**Working data**
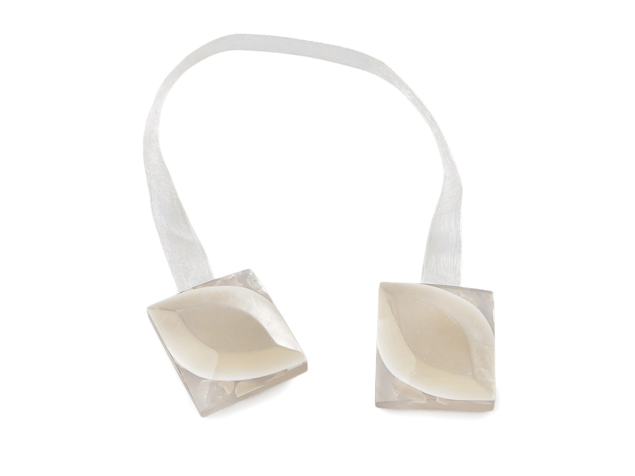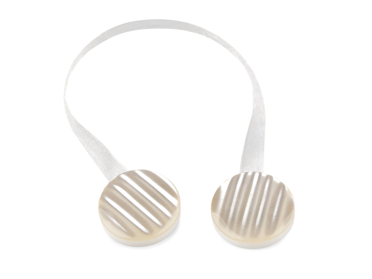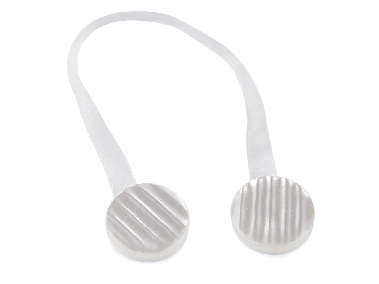 Magnetickú sponu využijete na zopnutie závesov alebo záclon. Zopnutie spony je rýchle a praktické vďaka silným magnetom na spodnej strane. Spona je spojená lesklou šifónovou stuhou. Spony sú v 2. akosti, pretože sa na nich vyskytujú škrabance a preliačiny.
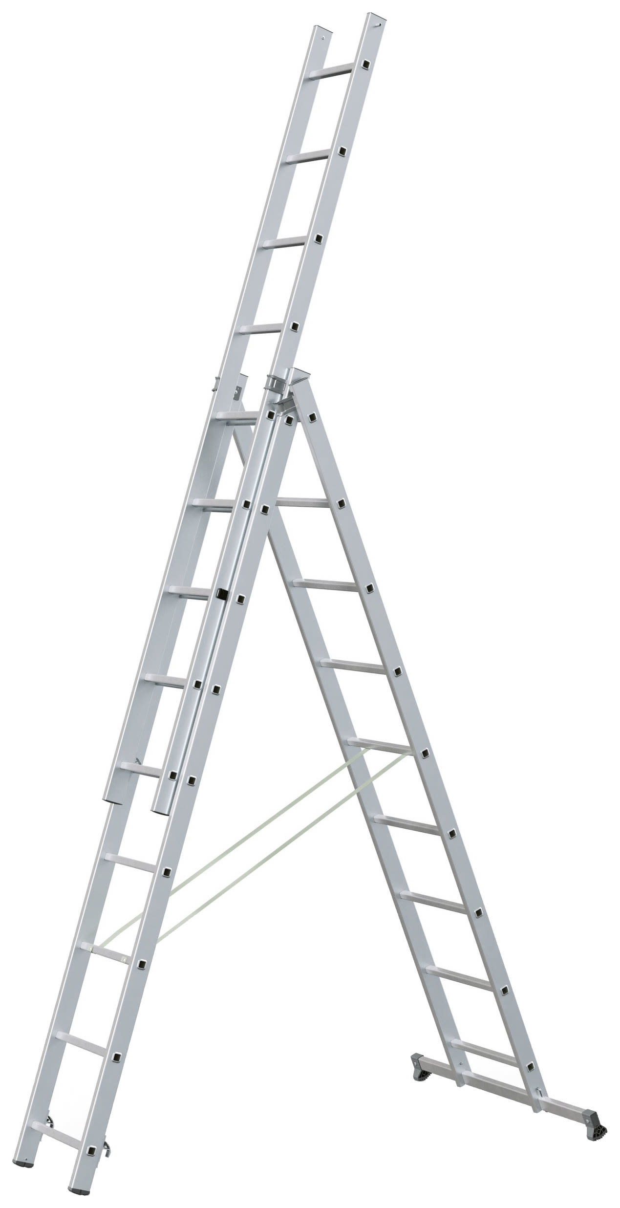 The Zarges Light Trade 3 x 9 Tread Aluminium Combination Ladder is a lightweight aluminium ladder which is robust and duarable with a maximum load weight of 150kg. It can be used as either a free standing or a frame ladder as well as a double and triple extension ladder. Closed length 2.60m, working height as a 3-part ladder approximately 6.70m.
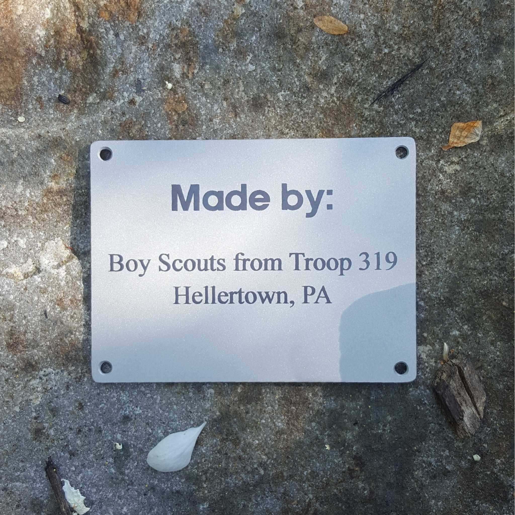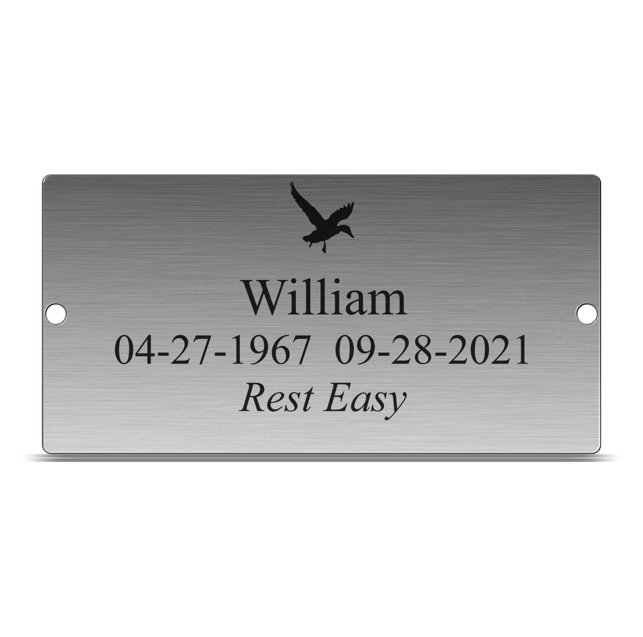 Our Stainless steel memorial plaque is meant to last a long long time. Made of 16 gauge stainless and laser marked black, you can leave it out knowing that it is readable year after year. These make a great bench plaque.
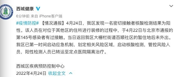 4月24日,我區(qū)(北京市西城區(qū))發(fā)現(xiàn)一名密切接觸者核酸檢測結(jié)果為陽性。該人員在對位于其他區(qū)的住所進(jìn)行裝修的過程中,于4月22日與北京市通報的第145號感染者有過接觸。當(dāng)日返回我區(qū)大柵欄街道百順社區(qū)的暫住地后未外出。
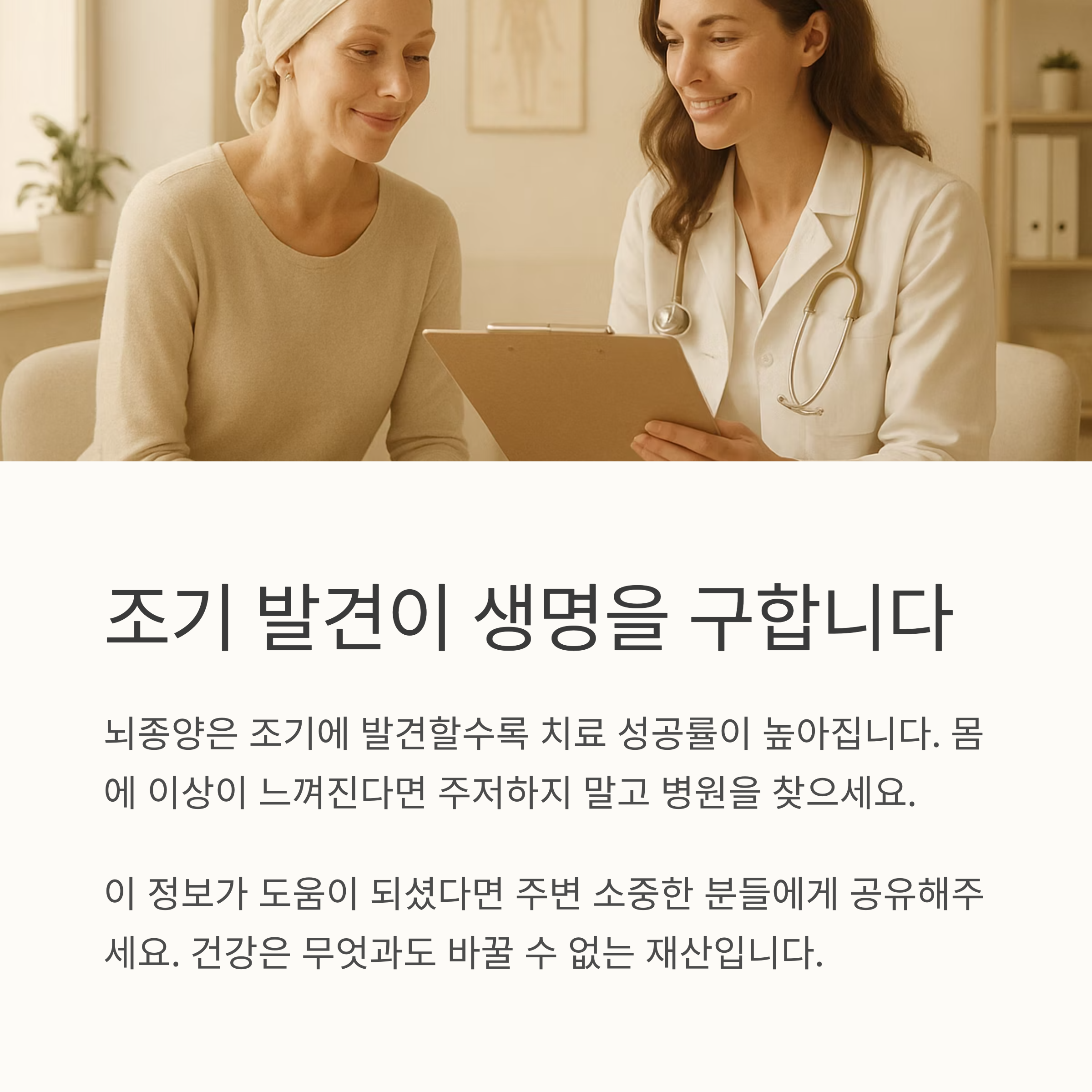 뇌종양은 조기에 발견할수록 치료 성공률이 높아요. 이 글을 통해 뇌종양의 증상과 진단 과정을 이해하고, 자신의 몸에 조금이라도 이상이 느껴진다면 주저하지 말고 병원을 찾아 정확한 진단을 받으세요. 건강은 무엇과도 바꿀 수 없는 소중한 재산입니다. 여러분의 건강을 위해 항상 응원하겠습니다.

**Activity**
Set down the records above exactly, leaving out pictures.

**Answer box**
 Magnetickú sponu využijete na zopnutie závesov alebo záclon. Zopnutie spony je rýchle a praktické vďaka silným magnetom na spodnej strane. Spona je spojená lesklou šifónovou stuhou. Spony sú v 2. akosti, pretože sa na nich vyskytujú škrabance a preliačiny.
 The Zarges Light Trade 3 x 9 Tread Aluminium Combination Ladder is a lightweight aluminium ladder which is robust and duarable with a maximum load weight of 150kg. It can be used as either a free standing or a frame ladder as well as a double and triple extension ladder. Closed length 2.60m, working height as a 3-part ladder approximately 6.70m.
 Our Stainless steel memorial plaque is meant to last a long long time. Made of 16 gauge stainless and laser marked black, you can leave it out knowing that it is readable year after year. These make a great bench plaque.
 4月24日,我區(qū)(北京市西城區(qū))發(fā)現(xiàn)一名密切接觸者核酸檢測結(jié)果為陽性。該人員在對位于其他區(qū)的住所進(jìn)行裝修的過程中,于4月22日與北京市通報的第145號感染者有過接觸。當(dāng)日返回我區(qū)大柵欄街道百順社區(qū)的暫住地后未外出。
 뇌종양은 조기에 발견할수록 치료 성공률이 높아요. 이 글을 통해 뇌종양의 증상과 진단 과정을 이해하고, 자신의 몸에 조금이라도 이상이 느껴진다면 주저하지 말고 병원을 찾아 정확한 진단을 받으세요. 건강은 무엇과도 바꿀 수 없는 소중한 재산입니다. 여러분의 건강을 위해 항상 응원하겠습니다.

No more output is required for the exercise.